Material for the task:
★ ★ ★ ★ ★
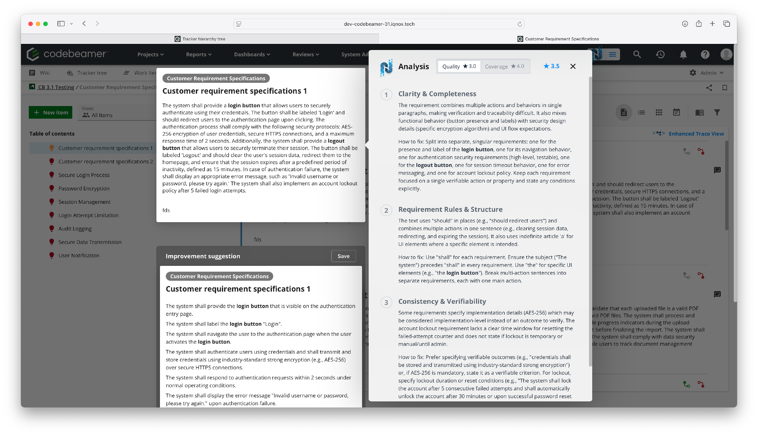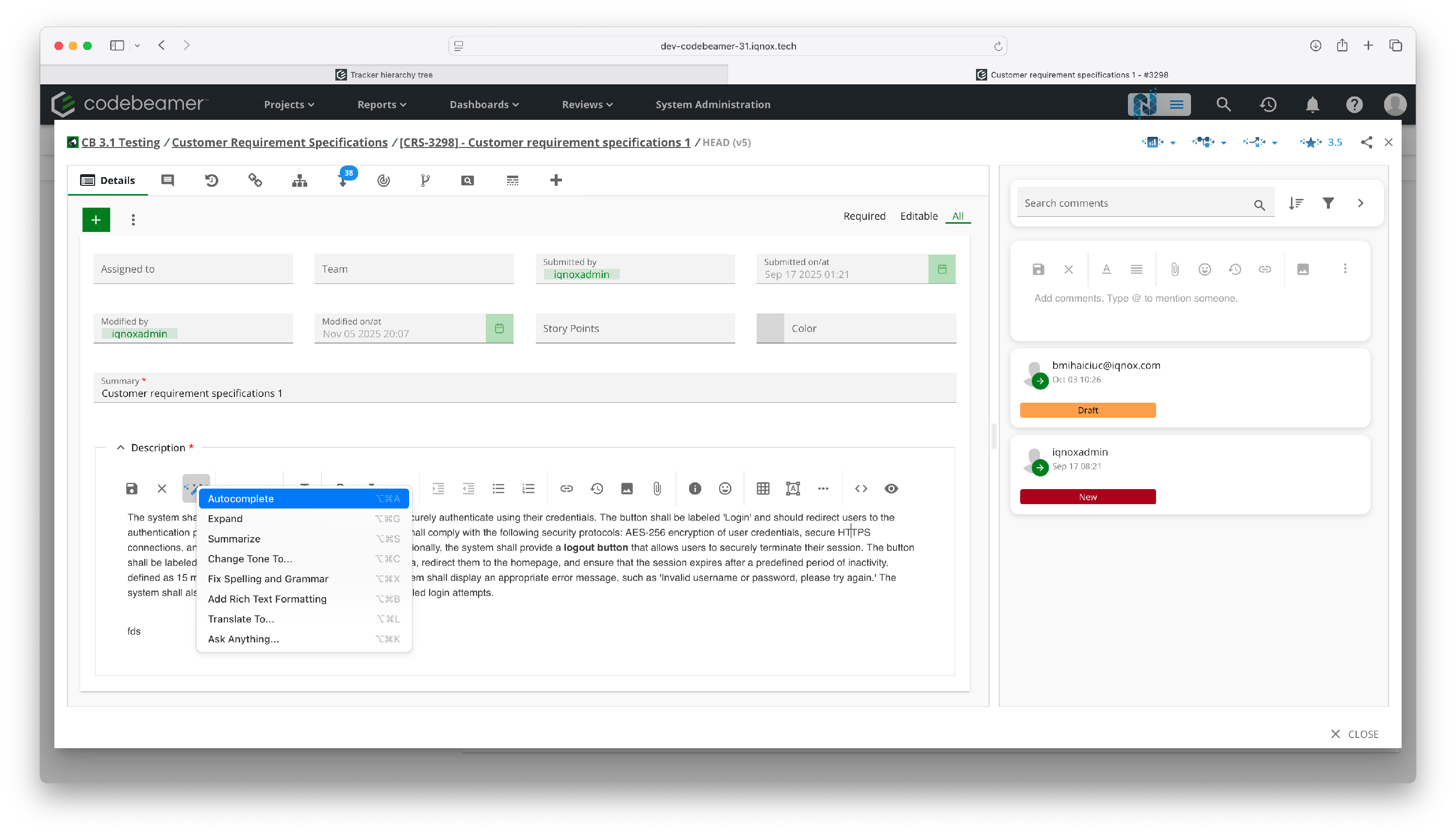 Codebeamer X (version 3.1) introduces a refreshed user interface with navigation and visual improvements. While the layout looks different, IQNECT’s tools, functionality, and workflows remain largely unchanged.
★ ★ ★ ★ ★
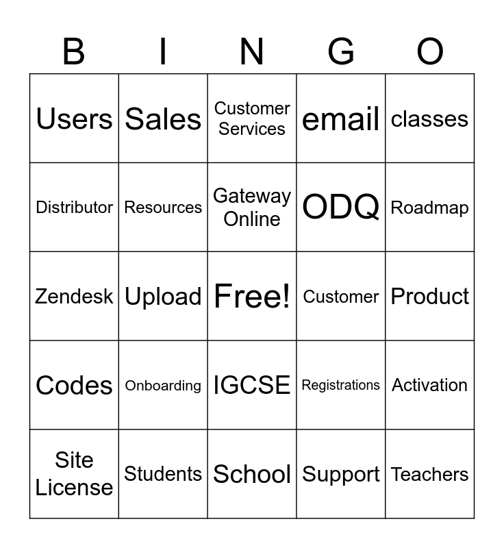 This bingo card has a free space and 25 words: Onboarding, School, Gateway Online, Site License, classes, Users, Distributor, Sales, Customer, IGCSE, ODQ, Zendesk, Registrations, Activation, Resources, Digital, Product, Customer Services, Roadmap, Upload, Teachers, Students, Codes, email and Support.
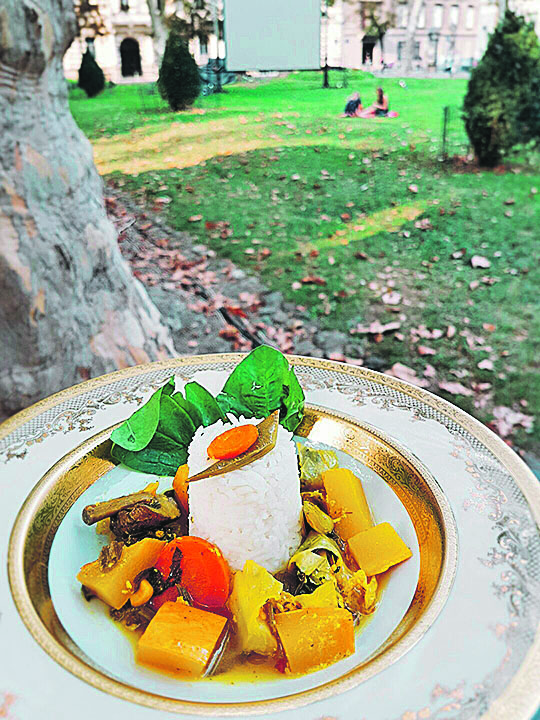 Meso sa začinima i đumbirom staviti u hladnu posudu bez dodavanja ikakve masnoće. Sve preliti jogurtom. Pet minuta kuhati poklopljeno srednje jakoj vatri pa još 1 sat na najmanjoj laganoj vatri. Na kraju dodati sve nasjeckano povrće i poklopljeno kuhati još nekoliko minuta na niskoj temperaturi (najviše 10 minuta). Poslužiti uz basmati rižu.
★ ★ ★ ★ ★
Brief: Repeat exactly the lines above, from the line that contains "This bingo card" down through the line that contains "Meso sa začinima". Include both of those lines and none of the pictures.

Reply:
 This bingo card has a free space and 25 words: Onboarding, School, Gateway Online, Site License, classes, Users, Distributor, Sales, Customer, IGCSE, ODQ, Zendesk, Registrations, Activation, Resources, Digital, Product, Customer Services, Roadmap, Upload, Teachers, Students, Codes, email and Support.
 Meso sa začinima i đumbirom staviti u hladnu posudu bez dodavanja ikakve masnoće. Sve preliti jogurtom. Pet minuta kuhati poklopljeno srednje jakoj vatri pa još 1 sat na najmanjoj laganoj vatri. Na kraju dodati sve nasjeckano povrće i poklopljeno kuhati još nekoliko minuta na niskoj temperaturi (najviše 10 minuta). Poslužiti uz basmati rižu.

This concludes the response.